FIP assigns Singer league average results on balls in play. Our modified FIP-WAR does a little better by including infield fly balls. That’s not how it broke down for him in real life, though. How poor of an estimate was FIP’s “Singer will have average BABIP” assumption? It’s actually pretty easy to do the math.

After excluding infield fly balls, Singer allowed an fBABIP (I’m just calling it that for the duration of this article, but that’s not a real term) of .359. The league as a whole allowed an fBABIP of .301. Over the 368 balls in play that Singer allowed (again, excluding infield fly balls), that’s a difference of 21 hits. That’s a lot of hits – and it’s also just 3.6% of the batters Singer faced in 2021.

Put another way, FIP’s estimation of Singer includes 96.4% of the batters he faced.
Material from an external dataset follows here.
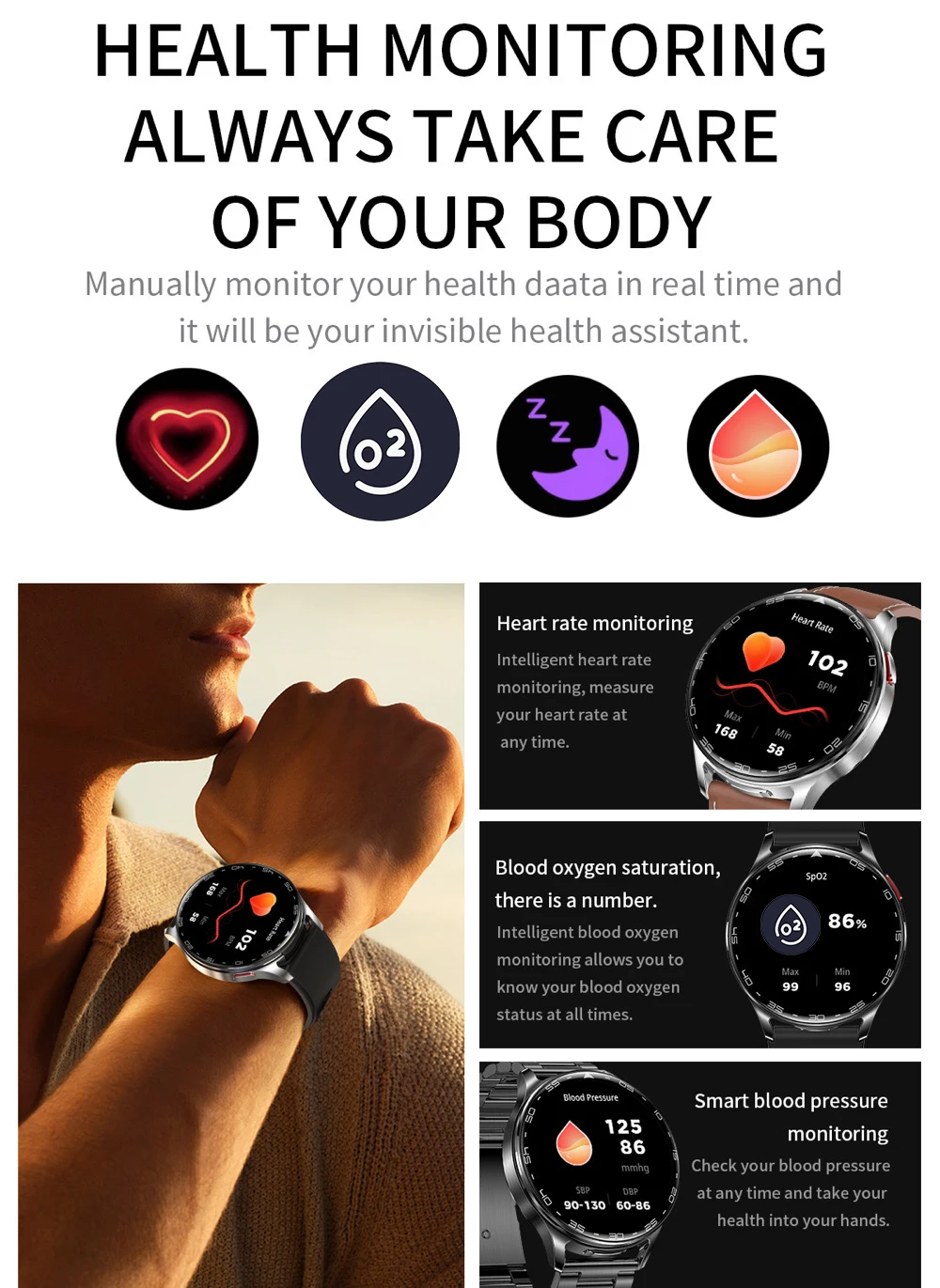 1. Los dispositivos portátiles monitorean las actividades humanas a través de sensores electrónicos.Están al nivel de la electrónica de consumo.Es normal que haya cierta desviación.Los resultados de las pruebas sanitarias del reloj son solo de referencia y no se pueden comparar con equipos médicos.Cuando el reloj se coloca en la superficie del objeto, habrá frecuencia cardíaca/presión arterial y otros resultados de pruebas.Es normal y no es un defecto del producto.

That’s less than 100%, but if your only criteria for which statistic you want to use is what percentage of batters faced it “considers,” FIP is going to be pretty close to 100% across the board, not the 39% that it takes directly from player stats. Averages are powerful that way, and the population of pitchers who throw 100 innings in the major leagues has a near-perfect normal distribution of fBABIP:

The league average fBABIP over that time is .305, with a standard deviation of roughly 25 points. 67.8% of pitcher BABIPs are within one standard deviation of average; 96% are within two standard deviations. There’s no skew. A statistics textbook should use this as a case study.

If you think of FIP as certain outcomes (the three true outcomes plus pop ups) with a BABIP assumption, you’re basically correct. As it turns out, that BABIP assumption is really close to capturing all the balls in play. For 68% of pitchers, FIP correctly pegs at least 98.5% of their batters faced. For 95% of pitchers, FIP gets 96.5% or more correct. It’s even more accurate than that in our WAR calculations, because we include park and league adjustments, which I haven’t done here and which causes some of the variation. The argument that FIP is ignoring 60% of what a pitcher does isn’t right – the assumption that the pitcher is average is, in itself, a pretty good description of that last 60%.

You might reasonably say that BABIP isn’t the only thing that matters when it comes to balls in play. If a pitcher is giving up rocketed line drives left and right, the doubles will mount, and doubles are more damaging than singles despite looking the same in BABIP. To account for this, I calculated wOBABIP – wOBA on balls in play, although excluding infield fly balls again – for the same cohort of pitchers.

This gets away from the “but-FIP-is-40%-of-a-pitcher” argument that kicked the article off, but I think it’s still instructive. FIP does a pretty good job of estimating this part of pitching too. For every pitcher with 100 innings pitched in a single season since 2015, I calculated the difference between that season’s actual wOBABIP and the league average wOBABIP for that year. I converted that into runs, then converted those runs into runs allowed per nine innings.

The average absolute difference between the runs a pitcher would allow with league average results on balls in play and what they would allow with their actual results on balls in play is 0.43 runs per nine innings. Half the pitchers in baseball had a gap of less than 0.35 runs per nine innings. Only 7% of pitchers had a gap of one run or more. You can see the output of both my BABIP and wOBABIP calculations here. Again, I didn’t consider park adjustments — the actual random variation will be smaller.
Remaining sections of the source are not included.